After a composed workflow has been executed (now or in prior sessions), evaluate:
1. Has this workflow been useful more than once?
2. Is it likely to be useful again?
3. Is it complex enough that re-composing from scratch each time is wasteful?

If yes to all three: flag it as a candidate for consolidation into a new skill. Log the signal in `{baseDir}/composition-log.md` and reference the skill acquisition intake path (`[SKILL_ACQUISITION_INTAKE_PATH]` — wire this when the skill-acquisition skill is built).

## Composed Plan Format

Composed workflows use the same plan format as Task Decomposition (`skills/task-decomposition/SKILL.md`) with two additional metadata fields. This keeps the format interoperable — Failure Recovery and other downstream skills can parse both plan types identically.

```markdown
## Plan: [Workflow name]

**Composed from**: [list of capabilities combined]
**Opportunity**: [why this combination is valuable — what it produces that individual capabilities don't]
**Goal**: [concrete description of what the workflow produces]
**Done when**: [acceptance criteria]
**Assumptions**: [list anything assumed but not confirmed]
**Depth**: light | standard | deep

### Steps

1. [Step name] — [brief description]
   - Depends on: none
   - Tool/skill: [what you'll use]
   - Risk: none

2. [Step name] — [brief description]
   - Depends on: step 1
   - Tool/skill: [what you'll use]
   - Risk: [brief description if any]

### Flags

- [Capability gaps from feasibility check]
- [Environmental constraints]
- [Items needing user input]
- [Irreversible steps requiring confirmation]
- [Consolidation candidate: yes/no]
```

The `Composed from` and `Opportunity` fields distinguish composition plans from decomposition plans. Everything else — step structure, dependency annotations, risk flags — is identical.

## Composition Log

Maintain `{baseDir}/composition-log.md` to track compositions across sessions. The agent creates this file on first use from the template at `{baseDir}/composition-log.md`.
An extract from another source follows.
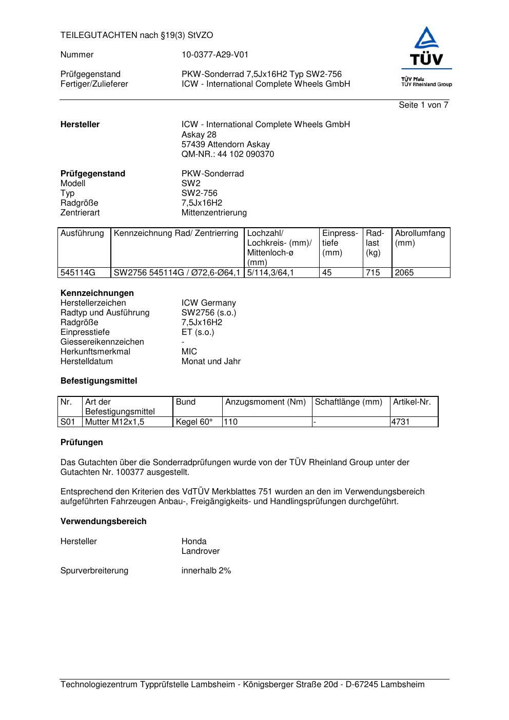 teilegutachten 10-0377-a29-v01 ICW SW2-756

Log entries serve two purposes:
1. Avoid re-proposing compositions the user has already rejected
2. Surface consolidation candidates for skill acquisition

Keep entries brief. If the log exceeds ~50 entries, prune old rejected proposals (keep accepted and consolidation candidates).

## Coordination Notes

- **Self-Model (skill 1)** is a hard dependency. Don't compose without reading the inventory first. If `skills/self-model/capabilities.md` doesn't exist, build it.
- **Env-Model (skill 2)** constrains feasibility. A composed workflow requiring browser + macOS node is only viable if both are available per `skills/env-model/environment.md`.
- **Task Decomposition (skill 3)** is the complement. Use decomposition to plan a chosen composition. The shared plan format means you can compose a workflow, then decompose its execution — the formats nest naturally.
- **Skill Acquisition** is the downstream consumer of consolidation signals. When it's built, wire `{baseDir}/composition-log.md` consolidation entries to its intake mechanism.

AGENTS-snippet.md

- **Task Composition**: When exploring what's possible, when an opportunity exists to exceed the literal request, or when asking "what can I build with what I have?" → read `skills/task-composition/SKILL.md` and compose from available capabilities.